Иногда откуда-то из темноты возникал вдруг лязг колес, потом показывалось желтое пятно карбидного фонаря, которое быстро разрасталось, приближалось, слышались предупреждающие крики. Рабочие поспешно жались к стенам, чтобы пропустить вагонетки, доверху нагруженные углем. Они с грохотом мчались мимо, и при свете фонарей рабочие видели лишь сверкающие на черных лицах белки глаз, настороженно бегающих по сторонам, да согбенные спины женщин, которые, тяжело дыша, толкали перед собой железные вагонетки. Но вот они исчезали, и снова шахтеров окружала безмолвная темнота.
Они шли дальше, углубляясь в недра земли, пятьсот, тысяча, полторы тысячи метров… Воздух становился все более удушливым, раскаленным, точно над гигантской жаровней. Казалось, этот жар рождается внутренним теплом земли. Люди обливались потом. Он ручьями льется по их лицам, спинам, рукам. Вот позади осталась одна развилка, потом другая, тоннель становится все уже и уже, все чаще задевают шахтеры за балки и столбы, все ниже пригибают голову, пока наконец не доходят до своего забоя — узкого наклонного лаза, напоминающего клеть для свиней.

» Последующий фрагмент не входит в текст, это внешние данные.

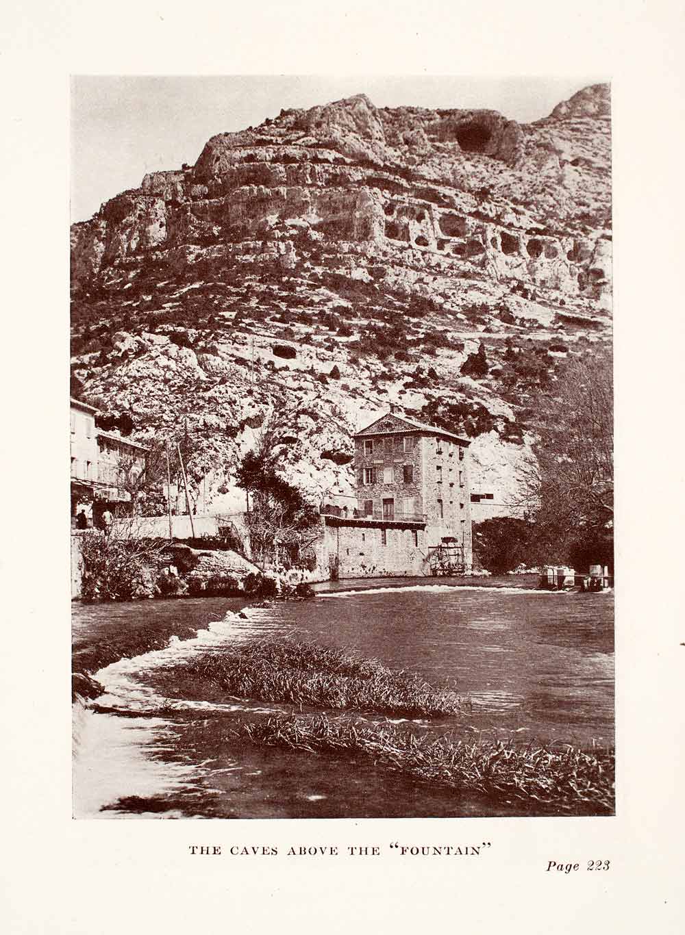 This is an original 1920 sepia halftone print depicting some of the incredible natural history surrounding Fontaine-de-Vauclause. It is here that the fifth largest spring in the world rises up at the base of the Alpine hills and becomes the river Sorgue. The poet Petrarch was known to have visited this area often, to listen to the flow of the river and draw inspiration.

Прежде чем залезть в свой забой, рабочий обычно немного передыхал, держась за стояк, а затем уж приступал к работе. Теперь он ощущал себя настоящим кротом. Вплотную перед глазами, куда ни глянь, сверкают пласты угля. Пот слепит глаза, утирать его некогда. Горячий, удушливый воздух, зловоние от испарений человеческих тел… Здесь одежда уже была не нужна, рабочий раздевался донага, засовывал штаны и рубашку в кошелку, прикрывал ее ноном и так, голышом, повесив фонарь на столб, сидя или лежа, а то и присев на корточки, бил киркой по угольному пласту. Через минуту все становились черными с головы до ног, угольная пыль, смешавшись с потом, въедалась в поры, в темноте сверкали лишь белки глаз. Поработав немного киркой, рабочий заталкивал ногами осыпавшиеся куски угля в железный желоб в полу забоя и кричал, подавая знак работавшим внизу, чтобы посторонились. Уголь с грохотом сыпался по желобу, затихая внизу, где его уже ждали вагонетки.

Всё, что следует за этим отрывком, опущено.